At the beach-his fave place.


----------



## rachy86xx (Sep 24, 2009)

Aww lovely pics! what breed is she?


----------



## sarybeagle (Nov 4, 2009)

Shes a beagle xxx


----------



## scosha37 (Feb 24, 2008)

Lovely Pictures! xxx


----------



## LostGirl (Jan 16, 2009)

fab pics love the mid air one!!x


----------



## niki (Jan 14, 2009)

she is beautiful!!!


----------



## FREE SPIRIT (Jul 8, 2009)

Lovely pics.


----------



## sarybeagle (Nov 4, 2009)

thank you all xxxx


----------



## colliemerles (Nov 2, 2007)

great pictures,....


----------



## Ducky (Nov 23, 2008)

bella is an absolute beauty :001_wub::001_wub:


----------



## RachyBobs (Oct 18, 2009)

Wooo caught in mid-air!! Amazing little dog!!

Love your collie too!! x


----------



## marmite (Sep 22, 2009)

great pics......:thumbup1:


----------



## babycham2002 (Oct 18, 2009)

Gorgeous pup
and what a handsome man Casper was.


----------



## mitch4 (Oct 31, 2009)

Gorgeous dogs

Also love the mid flight one


----------



## Jazzy (Apr 15, 2009)

Beautiful dogs,:001_wub::001_wub: love the mid air one.


----------



## sarybeagle (Nov 4, 2009)

Thank you every one.
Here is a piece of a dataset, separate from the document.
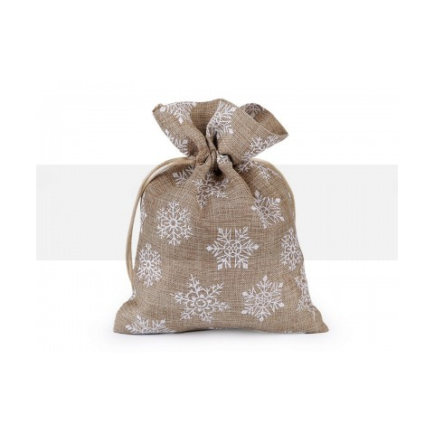 Ajá,ndé,k zsá,kocska pehely mintá,val juta imitá,ció,. Csillá,mos glitterrel van dí,szí,tve. Szaté,n madzag segí,tsé,gé,vel zá,rható, be. Dí,szí,té,sre alkalmas. Szé,lessé,g: 13 cm Magassá,g: 18 cm Magassá,ga a zsinó,rig: 13 cm Juta imitá,ció,ö,sszeté,telpolié,szter ,

The mid air one was a real surprise, she ran for the ball but changed her mind and jumped on me and I hit the button just before she leapt at me lol. Im dead chuffed with it 

Casper was a real kind hearted soul and deeply missed. xxx


----------



## GillyR (Nov 2, 2009)

great pics.... love the 'super dog' one.

Casper looks beautiful, such a lovely face xxx rip little man xxx


----------



## CollieDog (Nov 9, 2009)

they are beautiful dogs thanks for sharing


----------



## Krazycatlady (Jul 28, 2008)

That third picture is just so darn cute!!!!!


----------